In a presidency full of the inflammatory statements that propelled him to an improbable election win, none can be so controversial as Donald Trump’s remarks on the white supremacist rally in Charlottesville and removal of Confederate statues.
These remarks mark a new development in the racial clashes that are none more apparent than in the ongoing debate about the removal of the Confederate statues scattered all across the South. Memorials of the Confederate leaders that betrayed the nation during the Civil War, these statues hold a controversial place in the hearts of many Americans.
Defenders of the statues will have it that the statues do not glorify racism by depicting Confederate leaders, but rather serve as a reminder of the South’s history. They defend the Confederate leaders themselves, saying that such men did not support slavery, but only fought for the South because of their devotion to their home states. They cite cherry-picked examples of their supposed displays of tolerance and change of heart towards black people long after the end of the Civil War.

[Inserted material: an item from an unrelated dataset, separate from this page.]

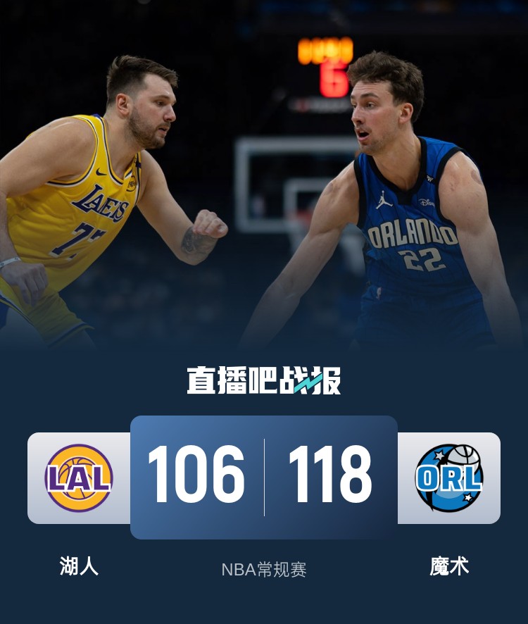 比赛开始,湖人反客为主打出10-5的开局,魔术内外开花迅速反超比分,东契奇连得11分,双方陷入缠斗,比分始终紧咬,湖人不断冲击篮筐连投带罚拿分,班凯罗高效输出带队咬住,半场战罢湖人60-58领先魔术。易边再战,湖人攻防两端表现不佳,魔术外线开火连中三分一举获得两位数优势,东契奇连中三分止血,末节魔术占得先机一度获得17分优势,东契奇和詹姆斯联手带队轰出10-0的攻击波延续希望,小瓦格纳挺身而出内外开花连得7分,湖人苦苦追赶无果。最终,湖人106-118不敌魔术,遭遇3连败。

Trump, a prominent defender of the statues himself, has gone so far to claim the statues to be so important that to remove them would be to erase history.
Naturally, there are a multitude of things wrong with these statements. Firstly, those Confederate leaders that ostensibly displayed their tolerance after the end of the war, who supposedly secretly abhorred slavery – no matter how much one may defend their actions and beliefs, it does not change the fact that they betrayed our nation in support of an immoral cause. People are complex – a few good traits will not change these leaders’ actions or morally questionable decisions.

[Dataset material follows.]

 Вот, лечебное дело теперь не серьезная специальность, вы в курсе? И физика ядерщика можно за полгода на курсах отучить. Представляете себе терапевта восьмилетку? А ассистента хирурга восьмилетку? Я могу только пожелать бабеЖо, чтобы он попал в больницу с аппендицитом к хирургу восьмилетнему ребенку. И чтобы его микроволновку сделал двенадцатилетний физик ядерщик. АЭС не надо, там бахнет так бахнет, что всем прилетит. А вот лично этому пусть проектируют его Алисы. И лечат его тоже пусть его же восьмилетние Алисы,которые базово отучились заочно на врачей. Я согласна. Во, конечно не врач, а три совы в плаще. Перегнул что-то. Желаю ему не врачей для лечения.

Another thing: destroying Confederate statues is not “erasing history”. Rather, it is simply a destruction of the symbols of the institution that so cruelly treated black Americans. These symbols, these Confederate leaders, this history – they still exist in the form of history books and museums. They should not be glorified in the form of statues and monuments. They should only be remembered for what they are – reminders of our dark past, reminders of the war that almost tore our country apart.

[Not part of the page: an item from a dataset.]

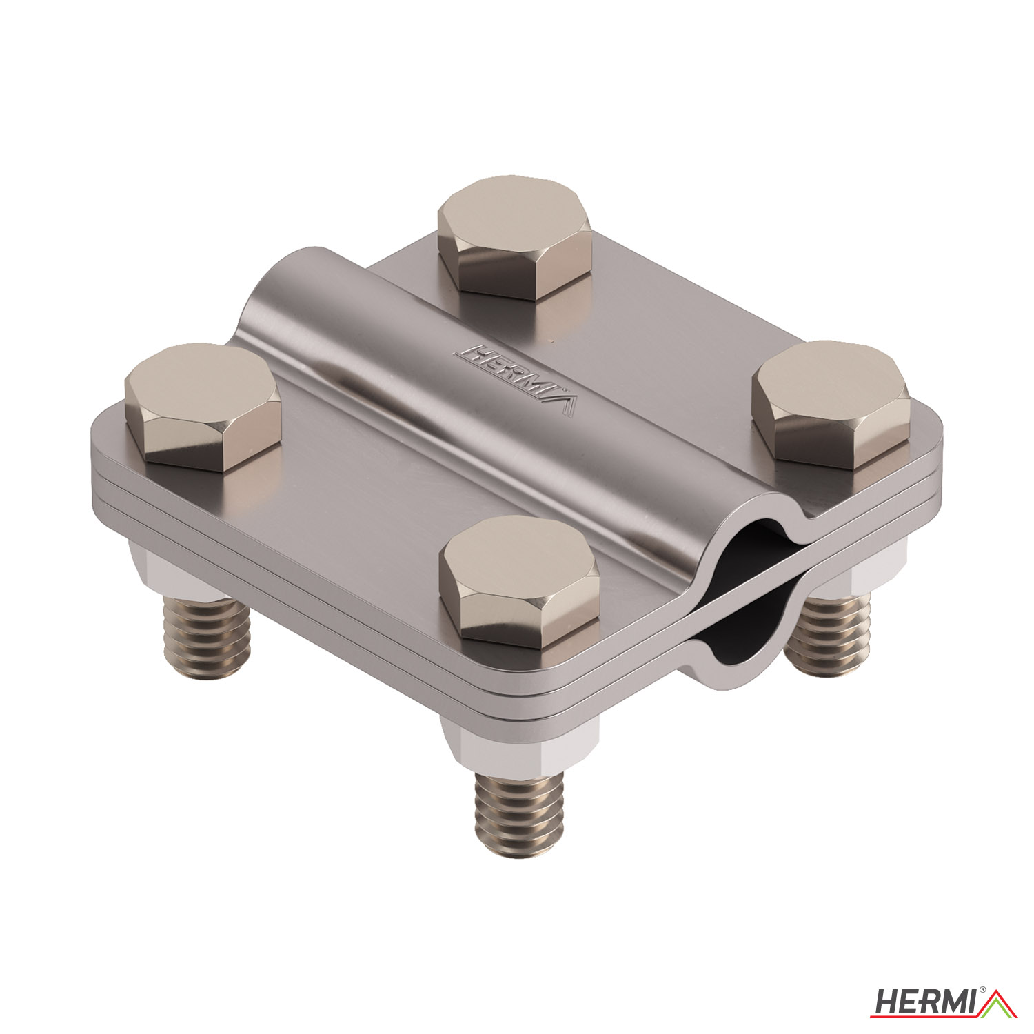KON07 bilincs, amely 3 db 58 mm x 58 mm-es lemezből, csavarokból és M8-as anyákból áll, 8-10 mm és 20 mm méretű kerek vezetékek talajban és felette érintkező kötések kialakítására szolgál.

These men that caused hundreds of thousands of people, black and white, to die – there is no reason for us to glorify them. Destroying these statues will not “erase history.” It will only stop future generations from idolizing these Confederate leaders that almost destroyed the nation in the Civil War.
There is no good reason to support the continued existence of Confederate statues. They do not “remind us of our history”, but rather glorify men who, although perhaps good in other respects, still betrayed our nation to help the South protect slavery. Only by permanently removing these monuments to slavery and racism and remembering the Confederacy only in our museums and history books will we take a first step in the changing of our country’s lingering racist culture.